In 94 nanoseconds, our old friend the 1 MHz 6502, would be just starting to consider signaling the memory chips that maybe they ought to try digging up the first byte of the first instruction in the program.

Worth mentioning, that code is entirely dependent on running in cache. Otherwise even the mighty M1 Max in the post would still be stuck waiting on that first memory fetch. DRAM is slow. :-)

By @AshamedCaptain - 4 months
The same thing was covered by Raymond Chen almost 2 decades ago: https://devblogs.microsoft.com/oldnewthing/20041216-00/?p=36...
By @bee_rider - 4 months
> The SIMD code does come with one asterisk, though: because floating-point addition is not associative, and it performs the summation in a different order, it may not get the same result as straight-line code. In retrospect, this is likely why the compiler doesn't generate SIMD instructions to compute the sum!

> Does this matter for your use case? Only you can know!

Anything is possible of course, and the typical way of writing a loop to sum up an array is literally telling the computer to go element by element and accumulate the values.

But it seems pretty unlikely that doing, say, four accumulations in parallel with simd and then summing them up at the end is any more wrong than going element by element.

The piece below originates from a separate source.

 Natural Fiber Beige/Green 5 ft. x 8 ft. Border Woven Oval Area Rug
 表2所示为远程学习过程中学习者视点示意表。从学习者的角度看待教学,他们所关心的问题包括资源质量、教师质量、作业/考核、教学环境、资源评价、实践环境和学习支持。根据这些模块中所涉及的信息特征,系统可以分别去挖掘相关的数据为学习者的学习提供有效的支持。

Summing floats should by default be taken to have error bounds, and any answer in those bounds is valid. If you know something special about the floats you are inputting, the language should have some means to explicitly encode that. It shouldn’t be the most basic loop, that’s the default case, so it should give the best performance.

By @jcranmer - 4 months
> After checking for loop termination, we fall through into the foo function (without a branch!)

Literally just reading this line made me go "well, there's your problem." I thought this was going to be something deep about fancy branch predictor heuristics, but it turns out to be a violation of basic heuristics.

Folks, don't think you're going to get amazing speedups by using mismatched call/ret instructions. The branch predictor keeping a shadow stack of return addresses is something that's been around for decades.

By @mrinterweb - 4 months
Classic SNL reference: "Do not taunt happy fun ball"


By @croemer - 3 months
Don't miss the 2023! The article really is already a little outdated: since Rust 1.78, the compiler uses some more aggressive loop unrolling (and a little bit of SIMD): https://godbolt.org/z/zhbobW7rr

OP wrote: "Looking at the assembly, it's doing some loop unrolling.", linking to https://godbolt.org/z/Kv77abW6c, which is using "Rust Nightly", a moving target. By now, there's more loop unrolling.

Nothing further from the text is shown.